Last week in Pottawatomie County, there were two significant grass fires. The one in Maud reportedly burned around 60 acres and the Tecumseh fire department responded to several calls involving grass fires.

Statewide, the Oklahoma Forestry Services and the National Weather Service are closely monitoring weather conditions.

Western Oklahoma continues to be fall into the high-risk category in the beginning stages of wildfire season.

The Fire Situation Report issued by the Oklahoma Forestry Services for Jan. 29 indicates western Oklahoma and the panhandle will see the greatest risk of wildfires through Wednesday. With winds expected in the 15-30 mph range and gusts up to 35 mph, rapid to extreme rates of fire spread are possible.

That same report shows there were two fires in the east central part of the state that burned 5.5 acres. There were 10 fires in the northeast portion of the state that burned an estimated 148.1 acres.
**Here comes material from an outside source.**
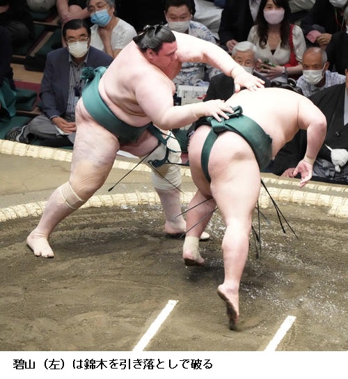 小結・大栄翔は横綱・照ノ富士に2場所続けて勝ち「先場所は立ち合いがダメだったが、今場所は立ち合いがよかった。思い切り当たっていこうと自分の相撲を取っているだけだが、勝てたのはうれしい」と振り返りました。また母の日の8日を横綱への白星で飾ったことについて「感謝を示そうと母には花を贈りました。いろいろな花が入ってるものです。そういう意味で、きょうの白星はよかった」と話していました。

The Tecumseh Fire Department responded to four small grass fires along Highway 9 around 10 p.m. Sunday, but those fires were contained by Tecumseh and Earlsboro Fire Departments, Tecumseh Fire Chief Aaron Williams said.

In a special note to the public, the Oklahoma Forestry Services said that many folks over the weekend elected to burn brush piles, conduct prescribed burns and burn other debris. With critical fire weather in the forecast and including strong winds and very repetitive fuels such as grass and leaves, they are asking that those fires are completely out.

They suggest thoroughly dousing brush and debris burns with water to they point that they are dead out. Check any burns from previous days for residual heat and stirring water thoroughly through the ashes.

Pottawatomie County is not currently under a burn ban.

In 2010, Governor Brad Henry approved House Bill 3210, which modified the Oklahoma Forestry Services Code to empower Boards of County Commissioners to ban outdoor burning for up to a 30-day period.

Prior to passage of a burn-ban resolution, the Pottawatomie CountyBoard of County Commissioners must declare the existence of extreme fire danger. As defined in the law, extreme fire danger means:

1. Severe, extreme, or exceptional drought conditions exist within the county as determined by the National Oceanic and Atmospheric Administration.

2. No more than one-half (1/2) inch of precipitation is forecast for the next three (3) days by the National Weather Service.

3. Fire occurrence is significantly greater than normal for the season and/or initial attack on a significant number of wild and fires has been unsuccessful due to extreme fire behavior.

4. Where data is available, more than twenty percent (20%) of the wildfires in the county have been caused by escaped debris burning or controlled burning.